ACTIVITY :: Of the entries below, return exactly those lines that fall between the one containing "イヤフォンユーザーがホストと" and the one containing "Classic boots for", the two end lines included.

LISTED ENTRIES ::
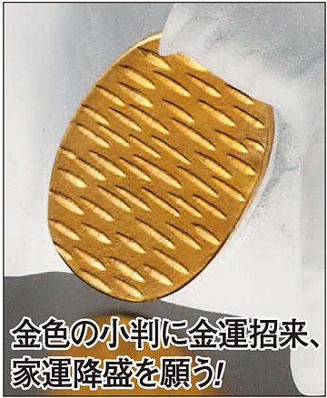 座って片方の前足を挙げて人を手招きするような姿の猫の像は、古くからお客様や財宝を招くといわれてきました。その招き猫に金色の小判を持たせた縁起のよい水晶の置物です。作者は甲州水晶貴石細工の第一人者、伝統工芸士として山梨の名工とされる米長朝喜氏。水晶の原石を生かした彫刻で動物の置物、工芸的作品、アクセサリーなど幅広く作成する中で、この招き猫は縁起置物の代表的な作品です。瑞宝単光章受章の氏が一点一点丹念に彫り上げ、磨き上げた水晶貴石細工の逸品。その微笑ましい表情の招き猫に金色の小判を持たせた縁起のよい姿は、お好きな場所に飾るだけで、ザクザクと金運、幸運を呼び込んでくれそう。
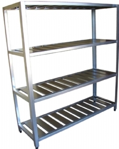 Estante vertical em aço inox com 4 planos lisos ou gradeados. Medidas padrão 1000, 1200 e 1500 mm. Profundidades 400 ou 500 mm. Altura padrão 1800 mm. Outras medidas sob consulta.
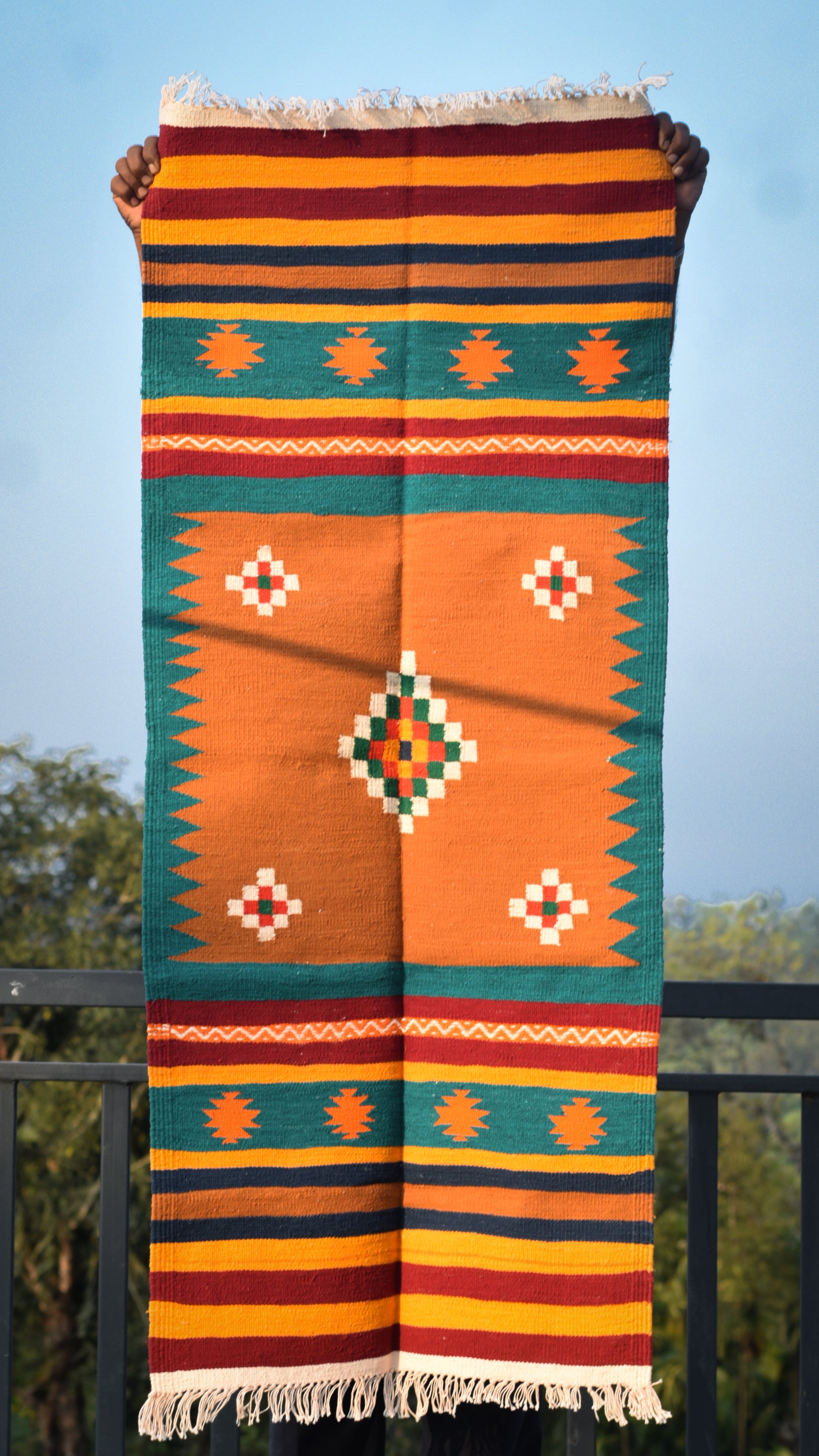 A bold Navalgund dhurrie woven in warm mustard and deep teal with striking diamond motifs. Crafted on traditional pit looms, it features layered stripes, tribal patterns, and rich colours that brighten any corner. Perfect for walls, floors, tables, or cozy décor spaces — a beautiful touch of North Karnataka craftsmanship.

---

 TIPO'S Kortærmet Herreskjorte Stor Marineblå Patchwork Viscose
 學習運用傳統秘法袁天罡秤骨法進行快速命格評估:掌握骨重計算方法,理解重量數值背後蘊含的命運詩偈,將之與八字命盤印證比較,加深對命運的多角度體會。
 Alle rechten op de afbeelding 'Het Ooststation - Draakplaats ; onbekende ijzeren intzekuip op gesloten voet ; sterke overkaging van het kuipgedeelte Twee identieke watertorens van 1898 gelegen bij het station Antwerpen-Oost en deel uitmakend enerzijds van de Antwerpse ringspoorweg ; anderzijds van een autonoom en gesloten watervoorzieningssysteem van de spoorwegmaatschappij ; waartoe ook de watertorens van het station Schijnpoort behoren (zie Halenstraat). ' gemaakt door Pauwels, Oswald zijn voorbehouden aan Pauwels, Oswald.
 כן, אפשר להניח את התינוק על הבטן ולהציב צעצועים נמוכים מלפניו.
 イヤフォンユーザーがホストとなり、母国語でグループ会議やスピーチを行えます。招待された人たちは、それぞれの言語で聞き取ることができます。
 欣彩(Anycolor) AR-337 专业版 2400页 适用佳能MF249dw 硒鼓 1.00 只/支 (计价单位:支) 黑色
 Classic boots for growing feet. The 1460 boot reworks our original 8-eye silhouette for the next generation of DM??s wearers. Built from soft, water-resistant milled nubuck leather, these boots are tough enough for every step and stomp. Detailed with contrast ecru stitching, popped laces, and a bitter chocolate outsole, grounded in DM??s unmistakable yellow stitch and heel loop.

==

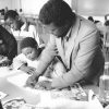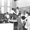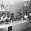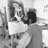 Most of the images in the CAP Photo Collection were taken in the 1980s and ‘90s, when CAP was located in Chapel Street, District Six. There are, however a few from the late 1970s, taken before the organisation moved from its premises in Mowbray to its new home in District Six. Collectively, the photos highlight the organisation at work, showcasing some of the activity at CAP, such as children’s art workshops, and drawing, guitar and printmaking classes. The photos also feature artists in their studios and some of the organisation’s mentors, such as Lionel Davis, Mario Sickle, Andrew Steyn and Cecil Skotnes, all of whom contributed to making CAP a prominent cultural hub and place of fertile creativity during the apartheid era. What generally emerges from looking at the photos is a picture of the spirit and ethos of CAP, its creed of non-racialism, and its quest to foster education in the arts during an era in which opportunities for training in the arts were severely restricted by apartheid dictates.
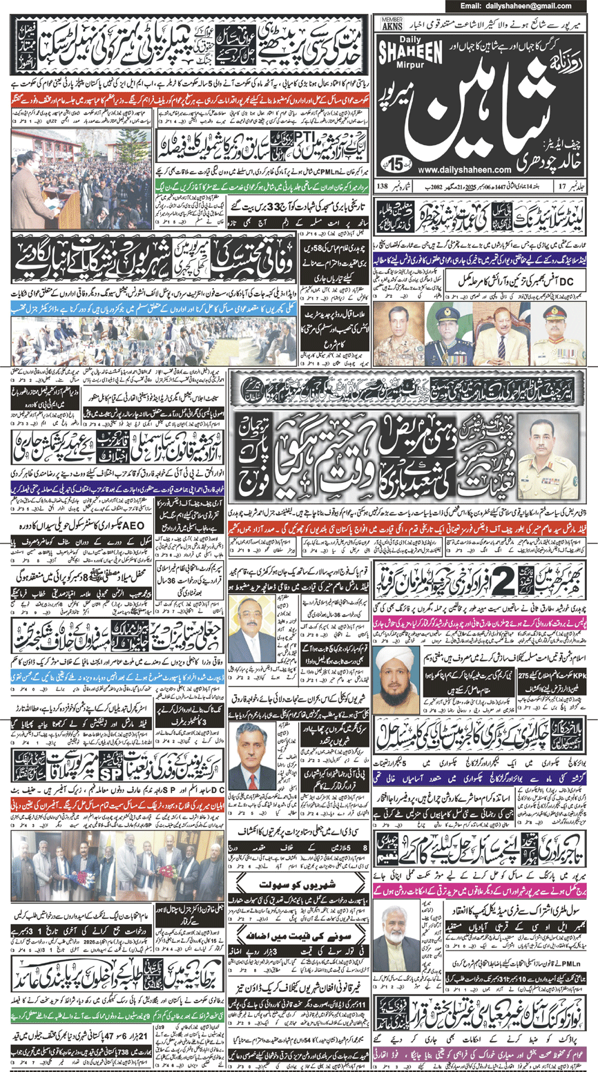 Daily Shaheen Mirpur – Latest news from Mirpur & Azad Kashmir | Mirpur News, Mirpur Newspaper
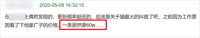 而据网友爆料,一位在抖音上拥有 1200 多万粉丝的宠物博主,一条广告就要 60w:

SOLUTION ::
 イヤフォンユーザーがホストとなり、母国語でグループ会議やスピーチを行えます。招待された人たちは、それぞれの言語で聞き取ることができます。
 欣彩(Anycolor) AR-337 专业版 2400页 适用佳能MF249dw 硒鼓 1.00 只/支 (计价单位:支) 黑色
 Classic boots for growing feet. The 1460 boot reworks our original 8-eye silhouette for the next generation of DM??s wearers. Built from soft, water-resistant milled nubuck leather, these boots are tough enough for every step and stomp. Detailed with contrast ecru stitching, popped laces, and a bitter chocolate outsole, grounded in DM??s unmistakable yellow stitch and heel loop.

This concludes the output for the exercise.